_Work instruction:_
The part to set down runs from the first line of the data below through the line with "The one which", inclusive; write it exactly and leave out the pictures.

_Data segment:_

= = = = = = =

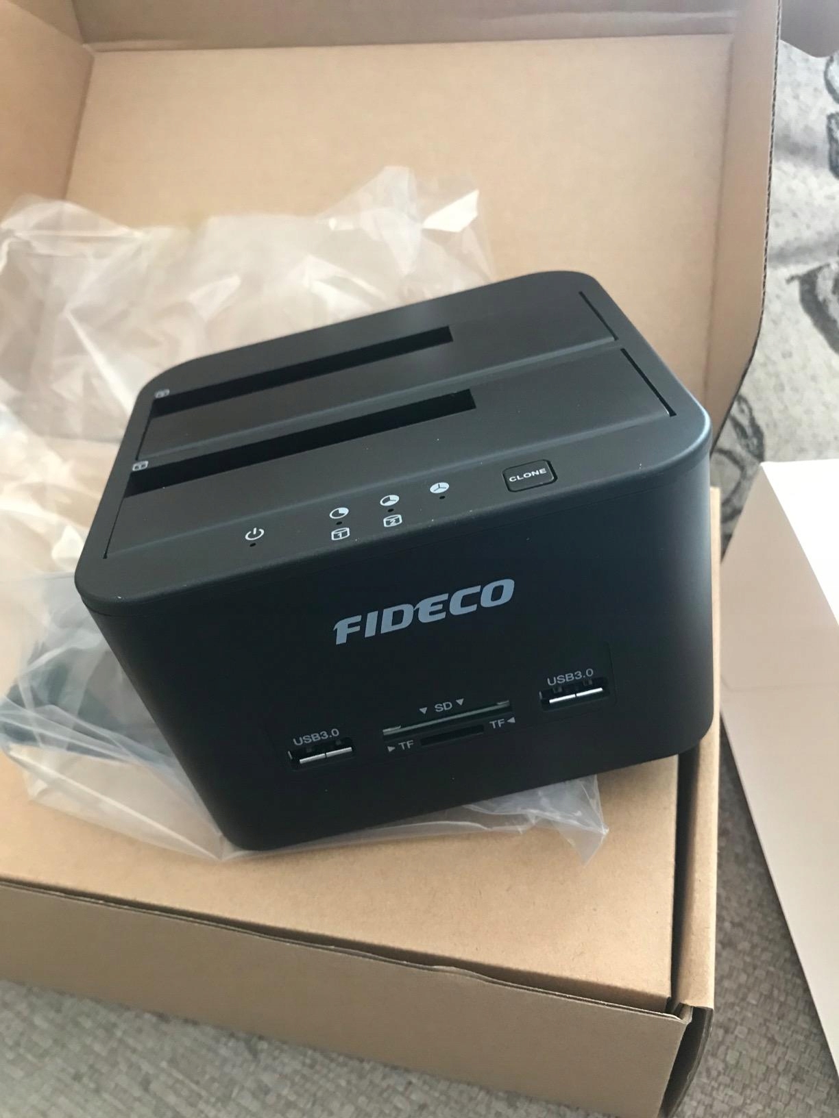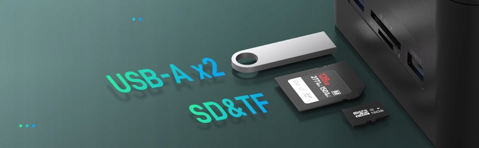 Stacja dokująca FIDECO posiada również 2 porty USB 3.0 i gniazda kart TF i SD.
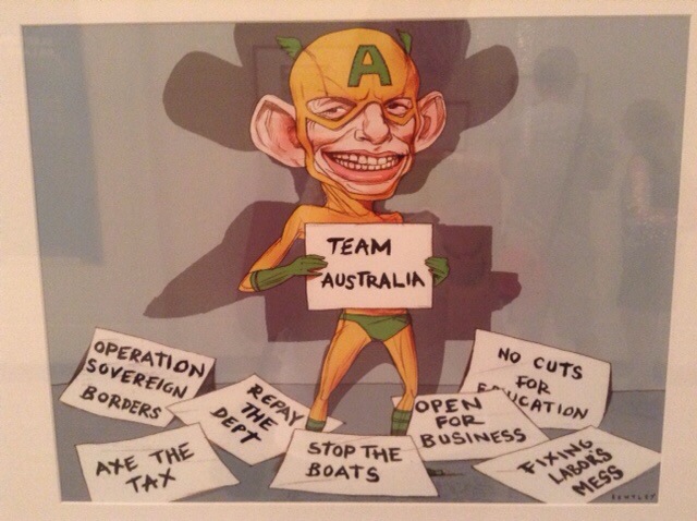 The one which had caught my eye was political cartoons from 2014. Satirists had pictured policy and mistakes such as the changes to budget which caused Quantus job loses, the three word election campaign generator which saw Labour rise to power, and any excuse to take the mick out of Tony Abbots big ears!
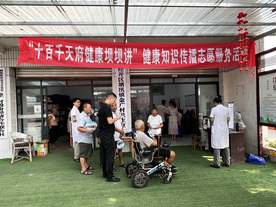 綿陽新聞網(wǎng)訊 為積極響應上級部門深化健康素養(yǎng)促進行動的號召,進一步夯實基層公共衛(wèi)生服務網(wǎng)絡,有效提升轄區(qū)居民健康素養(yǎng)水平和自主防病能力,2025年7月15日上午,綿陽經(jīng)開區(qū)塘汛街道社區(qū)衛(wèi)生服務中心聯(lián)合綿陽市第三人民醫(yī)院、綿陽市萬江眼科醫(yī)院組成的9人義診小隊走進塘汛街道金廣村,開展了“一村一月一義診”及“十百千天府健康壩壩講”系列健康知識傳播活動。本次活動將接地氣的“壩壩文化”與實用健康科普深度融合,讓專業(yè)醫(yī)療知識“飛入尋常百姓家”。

= = = = = = =

_Response:_
 Stacja dokująca FIDECO posiada również 2 porty USB 3.0 i gniazda kart TF i SD.
 The one which had caught my eye was political cartoons from 2014. Satirists had pictured policy and mistakes such as the changes to budget which caused Quantus job loses, the three word election campaign generator which saw Labour rise to power, and any excuse to take the mick out of Tony Abbots big ears!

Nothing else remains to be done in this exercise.